- DIRECTIONS: Beginning with the line that holds "A jetty bridge" in the data below, give again every line through the one that holds "Wall mural series", exactly as written.

- INPUT MATERIAL:
=== Section Start ===

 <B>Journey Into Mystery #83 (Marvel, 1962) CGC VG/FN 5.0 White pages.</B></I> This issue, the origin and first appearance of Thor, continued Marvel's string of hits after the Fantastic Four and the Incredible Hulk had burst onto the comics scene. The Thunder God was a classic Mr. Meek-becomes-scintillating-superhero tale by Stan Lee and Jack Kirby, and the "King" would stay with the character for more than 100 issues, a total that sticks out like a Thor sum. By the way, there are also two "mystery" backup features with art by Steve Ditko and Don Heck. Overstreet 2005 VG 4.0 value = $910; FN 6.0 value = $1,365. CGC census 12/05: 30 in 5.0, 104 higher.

=== Section End ===
=== Section Start ===

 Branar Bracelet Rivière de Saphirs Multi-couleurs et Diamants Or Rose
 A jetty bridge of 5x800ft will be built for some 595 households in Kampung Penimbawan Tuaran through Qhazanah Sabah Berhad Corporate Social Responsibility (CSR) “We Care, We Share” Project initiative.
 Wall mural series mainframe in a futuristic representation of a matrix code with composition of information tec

=== Section End ===
=== Section Start ===

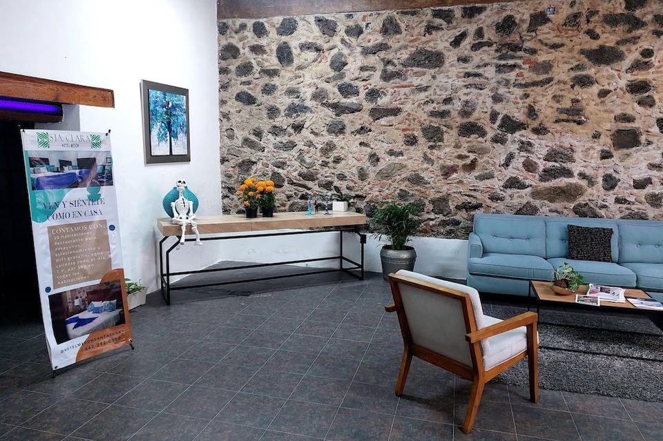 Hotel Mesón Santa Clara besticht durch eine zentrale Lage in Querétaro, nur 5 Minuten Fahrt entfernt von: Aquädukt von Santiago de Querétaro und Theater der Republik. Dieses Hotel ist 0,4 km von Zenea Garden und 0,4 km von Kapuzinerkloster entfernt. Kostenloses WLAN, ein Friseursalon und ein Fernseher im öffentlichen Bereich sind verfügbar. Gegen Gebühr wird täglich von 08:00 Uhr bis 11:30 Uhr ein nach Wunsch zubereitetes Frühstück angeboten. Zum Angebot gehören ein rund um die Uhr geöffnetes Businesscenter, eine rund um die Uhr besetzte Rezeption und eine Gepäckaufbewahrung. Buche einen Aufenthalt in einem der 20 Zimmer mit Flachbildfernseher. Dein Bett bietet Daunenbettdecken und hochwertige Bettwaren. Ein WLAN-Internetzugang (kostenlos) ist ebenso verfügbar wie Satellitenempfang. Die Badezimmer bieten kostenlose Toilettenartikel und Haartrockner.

=== Section End ===

- EXERCISE RESULT:
 A jetty bridge of 5x800ft will be built for some 595 households in Kampung Penimbawan Tuaran through Qhazanah Sabah Berhad Corporate Social Responsibility (CSR) “We Care, We Share” Project initiative.
 Wall mural series mainframe in a futuristic representation of a matrix code with composition of information tec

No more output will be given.